### Source information

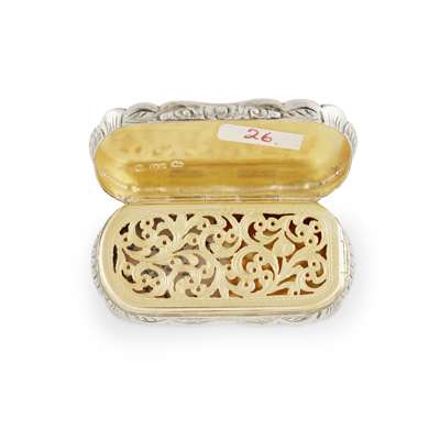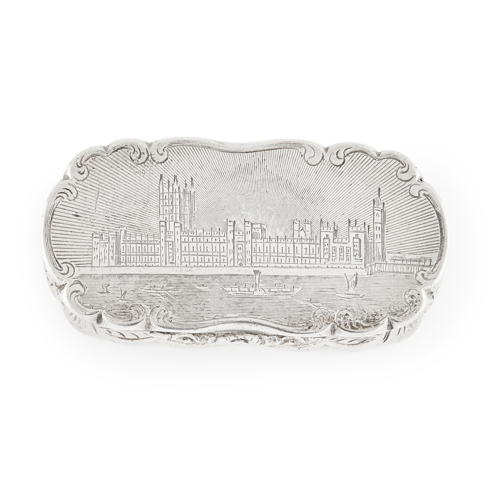 David Phipps, Birmingham 1853, of rounded rectangular form, the cover engraved with Houses of Parliament "Westminster Palace" pierced and engraved scrolling grill, with Tessiers label inside
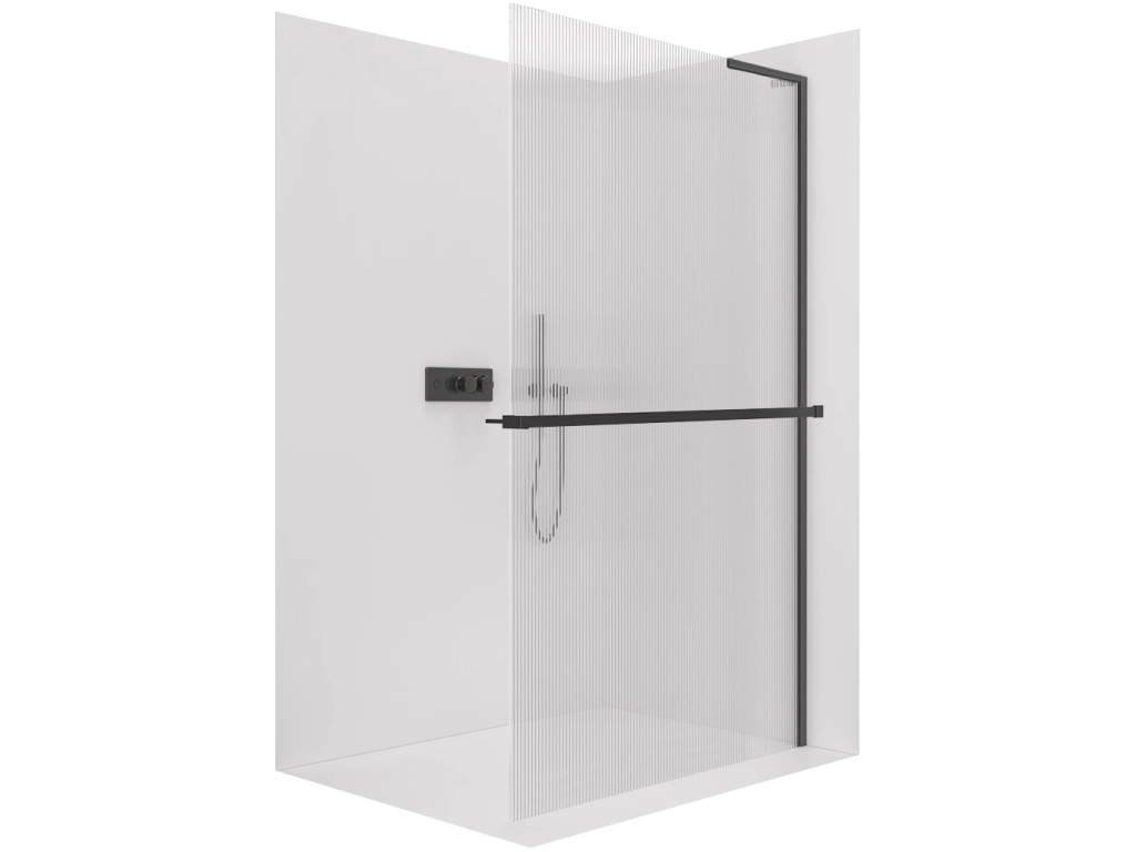CERANO - Sprchová zástěna Walk-in Onyx L-pravá vzpěra - 8 mm + polička/držák na ručníky - černá matná, rýhované sklo - 110x200 cm
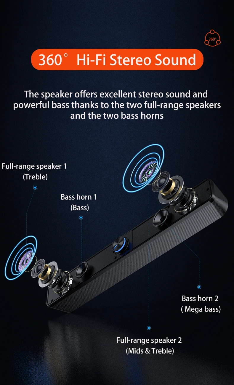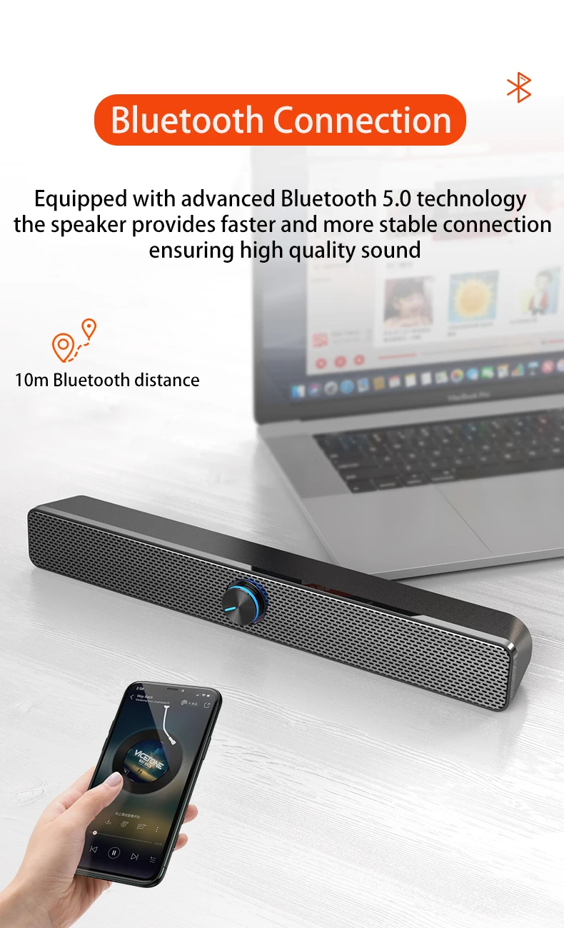 С встроенным сабвуфером обеспечивает мощные басы, домашний-аудиосистемы, отлично подходит для небольших сред, подходит для работы с Bluetooth TV в том числе Samsung, визио, TCL, LG, Sharp, Philips, Sony, xiaomi и многое другое телевизоров и телефонов.
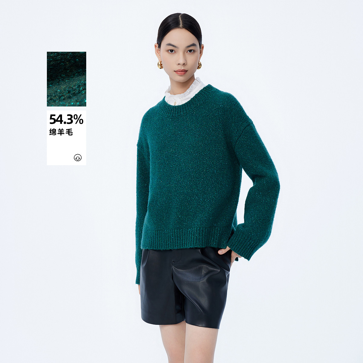 春季绵羊毛气质通勤款时尚都市百搭宽松毛衣上衣女 525915
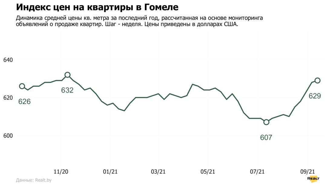 Мониторинг цен предложения квартир в Гомеле и городах Гомельской области за 6−13 сентября 2021 года
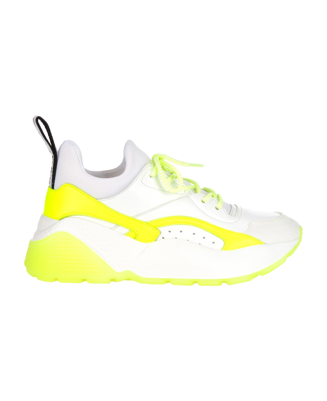 White And Neon Yellow Eclypse Sneakers By Stella Mccartney. Featuring A Round Toe, A Front Lace-up Front, Perforated Details, A Logoed Rear Pull Tab A Ridged Rubber Sole.
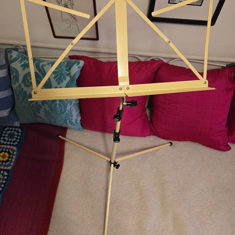 Kuvan nuottiteline. Taitaa olla käyttämätön. Monipuoliset säädöt. Oiva joululahja. Lohjalla.
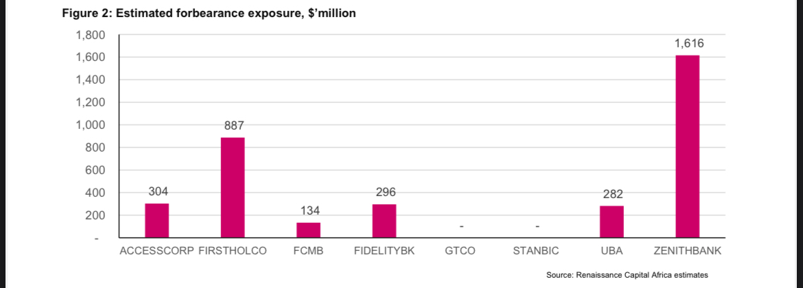 “We estimate regulatory forbearance exposures at $304 million, $887 million, $134 million, $296 million, $282 million, and $1.6 billion for ACCESSCORP, FIRSTHOLDCO, FCMB, FIDELITYBK, UBA, and ZENITHBANK, respectively,” the report shows.
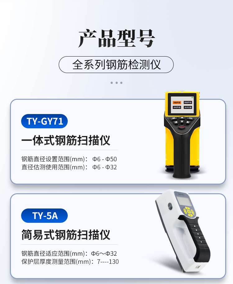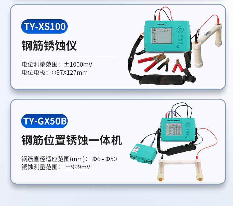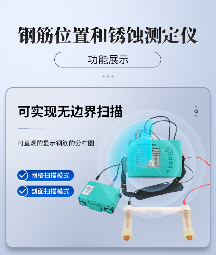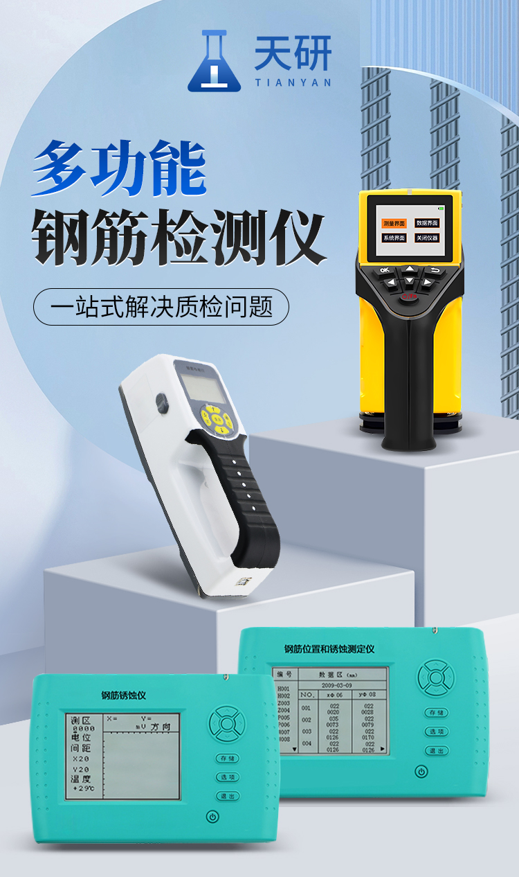 鋼筋位置和銹蝕測定儀TY-GX50B,集鋼筋儀和銹蝕儀的功能于一體,是集檢測鋼筋混凝土內(nèi)部鋼筋直徑、位置、分布、鋼筋的混凝土保護層厚度及鋼筋的銹蝕程度等功能于一體的新一代綜合類鋼筋檢測設備。

### What is expected
Everything in the data except the pictures must be retyped exactly.

### Response box
 David Phipps, Birmingham 1853, of rounded rectangular form, the cover engraved with Houses of Parliament "Westminster Palace" pierced and engraved scrolling grill, with Tessiers label inside
CERANO - Sprchová zástěna Walk-in Onyx L-pravá vzpěra - 8 mm + polička/držák na ručníky - černá matná, rýhované sklo - 110x200 cm
 С встроенным сабвуфером обеспечивает мощные басы, домашний-аудиосистемы, отлично подходит для небольших сред, подходит для работы с Bluetooth TV в том числе Samsung, визио, TCL, LG, Sharp, Philips, Sony, xiaomi и многое другое телевизоров и телефонов.
 春季绵羊毛气质通勤款时尚都市百搭宽松毛衣上衣女 525915
 Мониторинг цен предложения квартир в Гомеле и городах Гомельской области за 6−13 сентября 2021 года
 White And Neon Yellow Eclypse Sneakers By Stella Mccartney. Featuring A Round Toe, A Front Lace-up Front, Perforated Details, A Logoed Rear Pull Tab A Ridged Rubber Sole.
 Kuvan nuottiteline. Taitaa olla käyttämätön. Monipuoliset säädöt. Oiva joululahja. Lohjalla.
 “We estimate regulatory forbearance exposures at $304 million, $887 million, $134 million, $296 million, $282 million, and $1.6 billion for ACCESSCORP, FIRSTHOLDCO, FCMB, FIDELITYBK, UBA, and ZENITHBANK, respectively,” the report shows.
 鋼筋位置和銹蝕測定儀TY-GX50B,集鋼筋儀和銹蝕儀的功能于一體,是集檢測鋼筋混凝土內(nèi)部鋼筋直徑、位置、分布、鋼筋的混凝土保護層厚度及鋼筋的銹蝕程度等功能于一體的新一代綜合類鋼筋檢測設備。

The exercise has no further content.